From conception to finish a book can take well over a year to bring to completion. Many decisions need to be made before any printing can begin. A familiarity with the manuscript is crucial to making the right choice of page size and shape, what typeface to use, what the binding should be, what paper should be used-all these choices have something to do with how the text is carried across to the reader. There are always compromises to make. For instance, it is expensive to buy new type, or invest in a new typeface because it would be the most appropriate for the text, and, because there are so few foundries around, many important text faces are no longer available any more. The same goes for paper. Because there are so few letterpress printers, there is no market for good letterpress paper, there are no mills that make paper for letterpress printing. Luckily, there are a number of papers produced for other purposes that work well for letterpress-handmade papers (expensive, really expensive), lightweight watercolor papers work well if dampened, some of the high end book papers manufactured for offset printing, and here I'm thinking of the mould made papers of France, Italy, and Germany.

I seldom have enough type to set an entire book, so I have to procede a few pages at a time by printing then cleaning and distributing the type back into its case then setting the next page or pages. A familiar cycle. Often there is the added labor of printing on dampened paper. The sheets for a day's printing are dampened in advance by interleaving sheets that have been dipped through water between dry sheets and placing weight onto the pile. After being printed these sheets are dried by placing them in blotters. There are two very good reasons for doing this: 1) the type prints better & takes less ink (& the type is less likely to be over-inked) 2) the dampened paper is soft and does less damage to the type. An additional nicety is that the texture of the paper is enhanced by this process.

Once the pages are printed and dried, the pages are folded and collated into signatures and bound. For some books, this step can easily take more time then all the other steps. For others, such as the single signature chapbooks, it's a breeze. I often sit with a little table watching football and stitching books. Some people knit, I sew books. Then comes the most difficult step of all-trying to find people to buy them. Because the edition size is so small, 100 to 500 copies, and because these books are just not like mass-market paperbacks, they rarely find their way into bookstores. That's just fine. But, because of this, the burden of handselling is taken up, in part, by the authors themselves. The press does its share by printing announcements and getting the word out, but it is crucial that the authors do some readings and literally carry their books to their readers.

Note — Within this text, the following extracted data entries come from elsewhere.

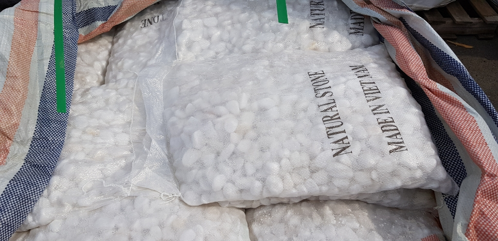 백자갈 30mm / 50mm 1톤 (20Kgx50포) 약 3.5평 시공 가능 010-2708-0707 택배발송 가능합니다. 택배비 12만원 전화주시면 운임조회 해드리겠습니다. 백자갈, 흑자갈 다양한 크기 자갈 있습니다.
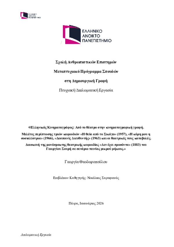 Greek Cinema: From theater to Cinematography. Cases studies of threee comedies: "The Auntie from Chicago" (1957), "My Doughter the Socialist" (1966), "Miss Director" (1963) and the theatrical performances. Adaptation of the one-act satire "He has no Qualifications" (1883) by Georgios Souris into a short film script. [Αγγλική]
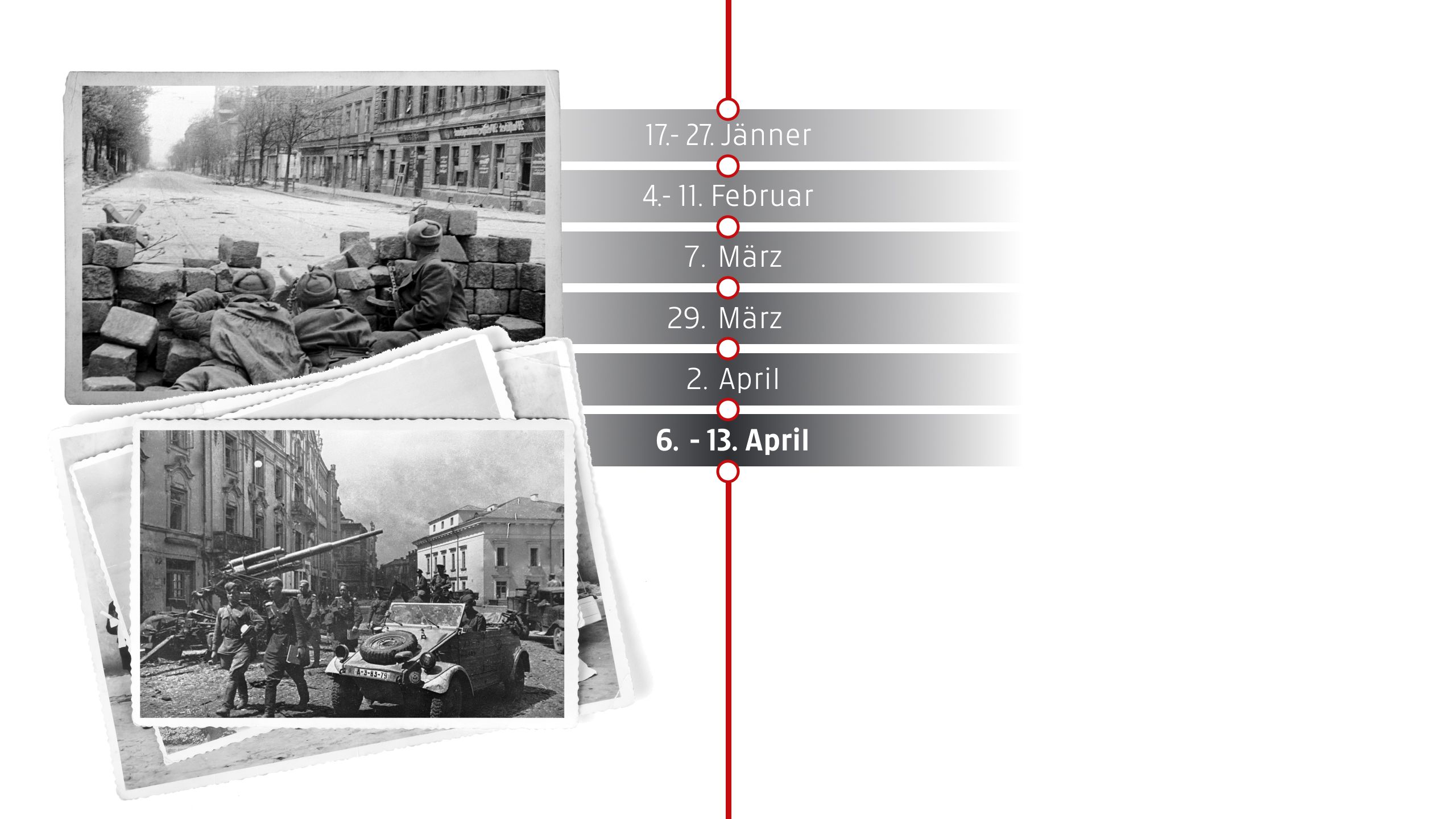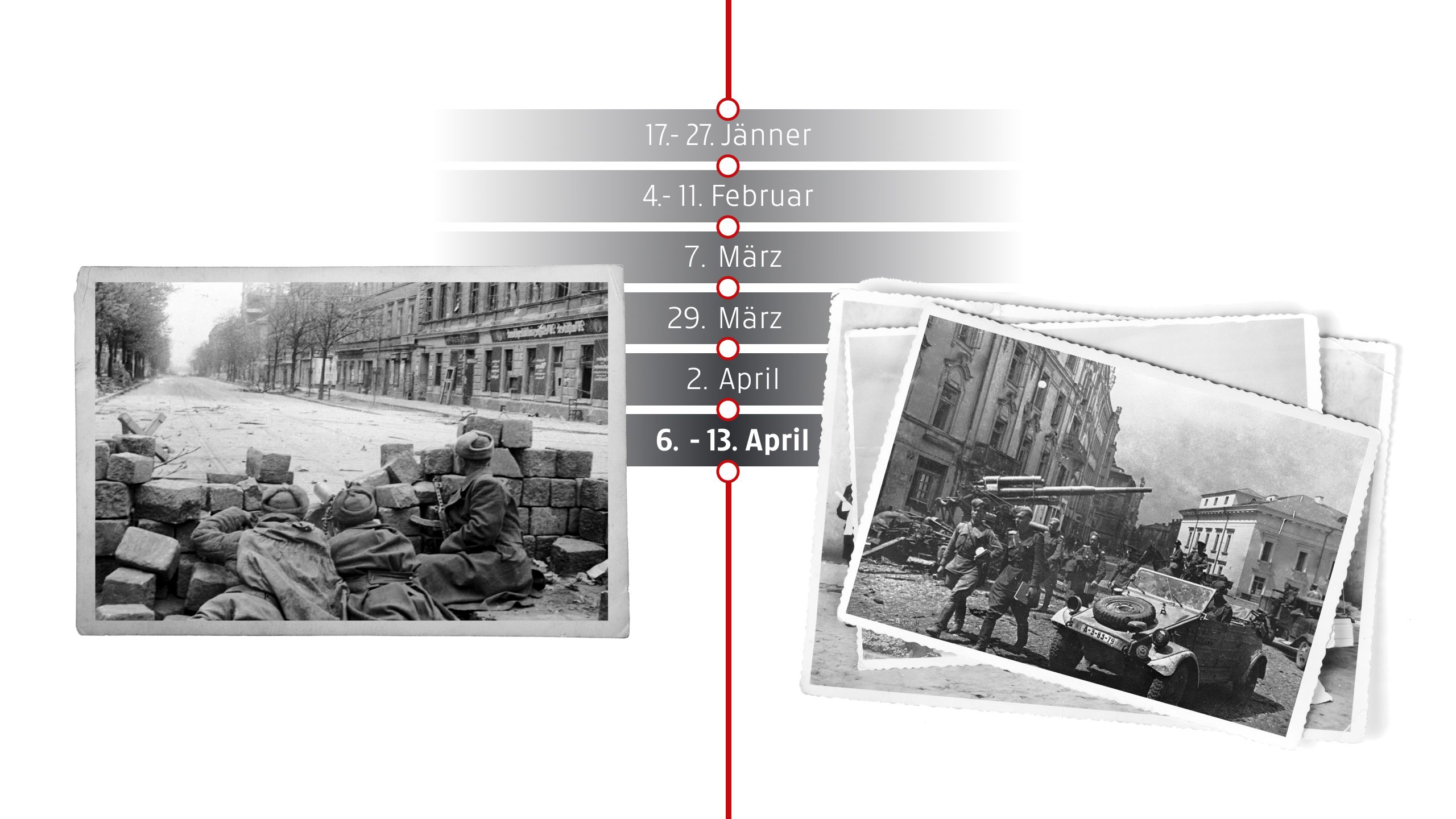 Die Rote Armee beginnt am 6. April die Offensive auf Wien. Deutsche Truppen und SS-Einheiten leisten erbitterten Widerstand und errichten Verteidigungsstellungen.

Beyond the truly satisfying labors of book design, the meticulous setting of type by hand, the slow repetitions of printing, and the solace of binding-the poems and their words which I grow so familiar with day by day, the unfolding study of the history of printing, and the friendships made with poets and other printers are a continuing reward. This is what sustains me, this learning, this richness of experience. I find I'm more excited by each next book, by the sheer possibility that dwells in this equipment and the knowledge of this craft. The current and upcoming projects include collections by local poets Diane Jarvenpa, Joyce Sutphen, and Louis Jenkins, as well as a short story by Barry Lopez and a bibliography and tribute to Ox Head Press. What could be better than that?